Como devemos chamar o aluno egresso de saúde coletiva? E como devemos entender os pós graduados em saúde coletiva? E o sanitarista? Qual a característica da atenção, onde há profissionais com conhecimentos específicos e com afinação de saúde coletiva trabalhando concomitantemente com profissionais egressos de bacharelado em saúde coletiva?
Essas questões causam turbulentas discussões entremeadas nos conhecimentos de práxis sanitaristas; aí que podemos notificar a questão chave: há o medo da abertura de campo de trabalho para que outros profissionais disputem com egressos! A mudança do termo sanitarista para o termo Bacharel em saúde coletiva diminui a concorrência, e jaz um fortalecimento nas profissões da saúde, nas quais, há um grande contigente de enfermeiros, médicos e fisioterapeutas, por exemplo, que ocupam funções de "sanitaristas de formação", enfraquecendo os postos da assistência.

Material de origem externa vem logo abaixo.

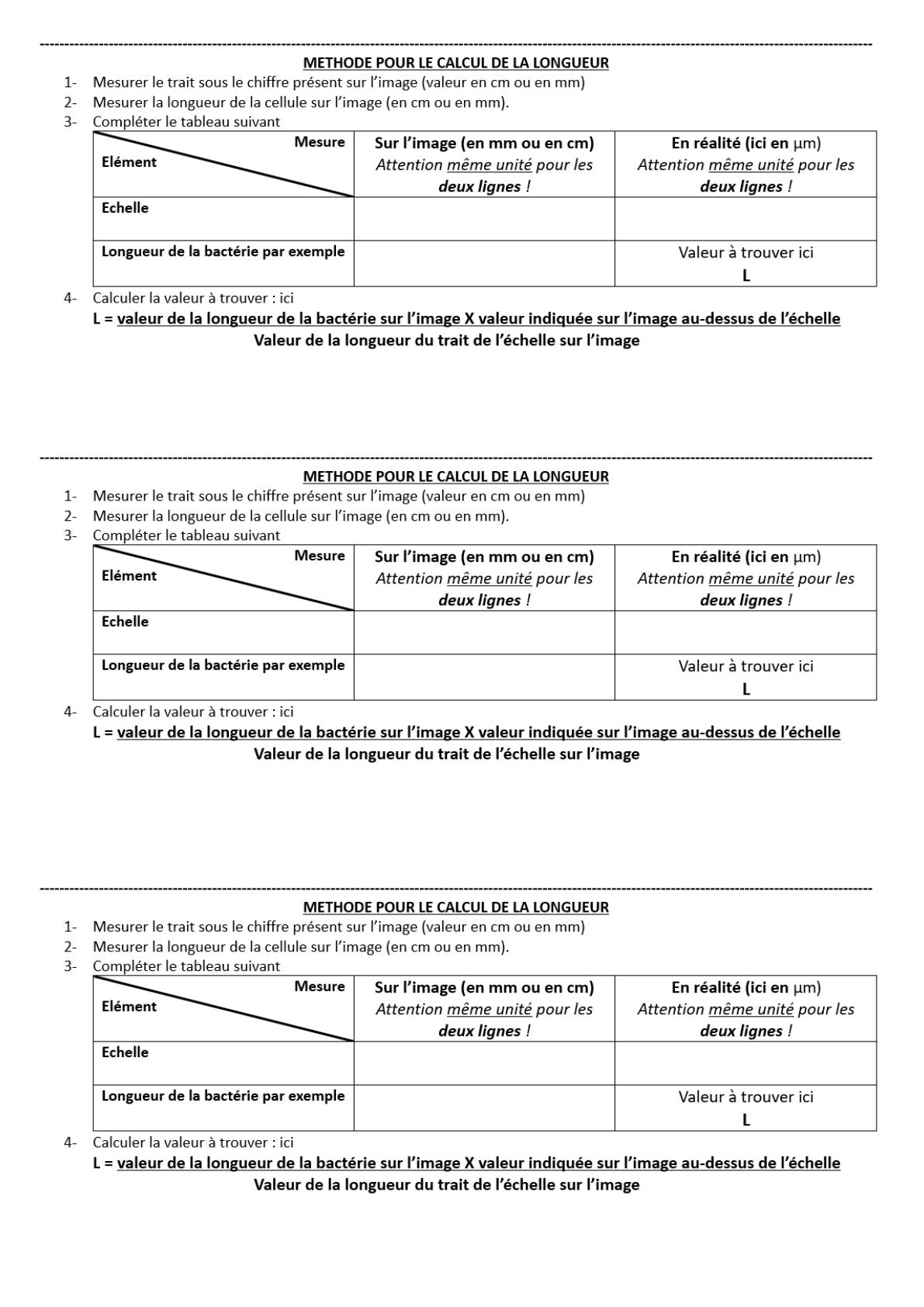 1. A l’aide de l’échelle présente sur la photographie, calculer la longueur réelle d’une bactérie (organisme

Na sala de aula, muitos dos futuros "sanitaristas", estremecem com medo de não poderem serem inseridos no "mercado de trabalho"... saúde não se mercantiliza! (Negociação injusta, uso de poder científico, etc.) e satisfaço os conhecimentos de Políticas, Gestão/planejamento, movimentos sociais e etc, quando articulo com agentes diferentes do sistemas de saúde e recebo respostas positivas sobre os conhecimentos aplicados, em redes de debate, arenas de discussão, perguntas e eventos, etc....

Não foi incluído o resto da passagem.